The response must consist of the lines below from the one with "東京マルイ対応、MP7電動ガン100連ロングマガジンの6本パックボックスです。" through the one with "Hnízdící dřevěná budka", exactly as they appear and with both ends kept.

+++ Information given

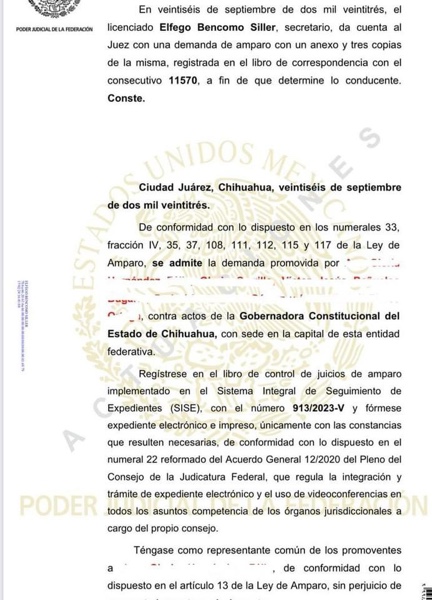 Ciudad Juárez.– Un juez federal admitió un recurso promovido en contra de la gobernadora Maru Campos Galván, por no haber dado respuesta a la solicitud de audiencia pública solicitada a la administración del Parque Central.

++++++
+++ Information given

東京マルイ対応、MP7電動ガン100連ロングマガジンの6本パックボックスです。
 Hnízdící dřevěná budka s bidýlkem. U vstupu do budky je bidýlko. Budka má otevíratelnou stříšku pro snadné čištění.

++++++
+++ Information given

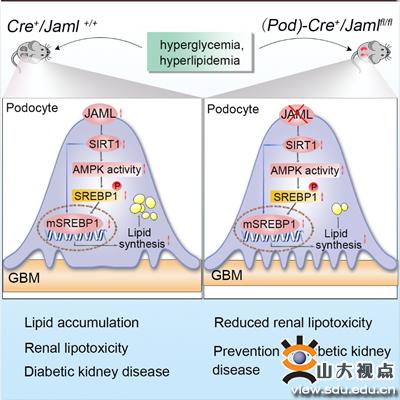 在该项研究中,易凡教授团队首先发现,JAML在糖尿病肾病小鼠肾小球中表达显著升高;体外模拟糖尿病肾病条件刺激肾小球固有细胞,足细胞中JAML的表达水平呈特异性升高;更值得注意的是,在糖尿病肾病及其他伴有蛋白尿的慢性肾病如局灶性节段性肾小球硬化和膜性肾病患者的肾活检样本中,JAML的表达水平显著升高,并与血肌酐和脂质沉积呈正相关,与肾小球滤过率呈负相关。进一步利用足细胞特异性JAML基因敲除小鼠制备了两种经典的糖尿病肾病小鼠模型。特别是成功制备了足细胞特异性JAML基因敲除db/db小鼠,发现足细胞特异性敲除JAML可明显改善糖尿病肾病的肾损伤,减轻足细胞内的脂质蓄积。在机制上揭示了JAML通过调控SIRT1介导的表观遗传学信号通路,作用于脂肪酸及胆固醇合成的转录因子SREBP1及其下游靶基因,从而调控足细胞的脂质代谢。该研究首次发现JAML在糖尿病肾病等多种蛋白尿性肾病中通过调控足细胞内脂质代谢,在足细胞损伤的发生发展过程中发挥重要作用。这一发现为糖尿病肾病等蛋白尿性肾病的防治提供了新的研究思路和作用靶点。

++++++

Reply to the task →
東京マルイ対応、MP7電動ガン100連ロングマガジンの6本パックボックスです。
 Hnízdící dřevěná budka s bidýlkem. U vstupu do budky je bidýlko. Budka má otevíratelnou stříšku pro snadné čištění.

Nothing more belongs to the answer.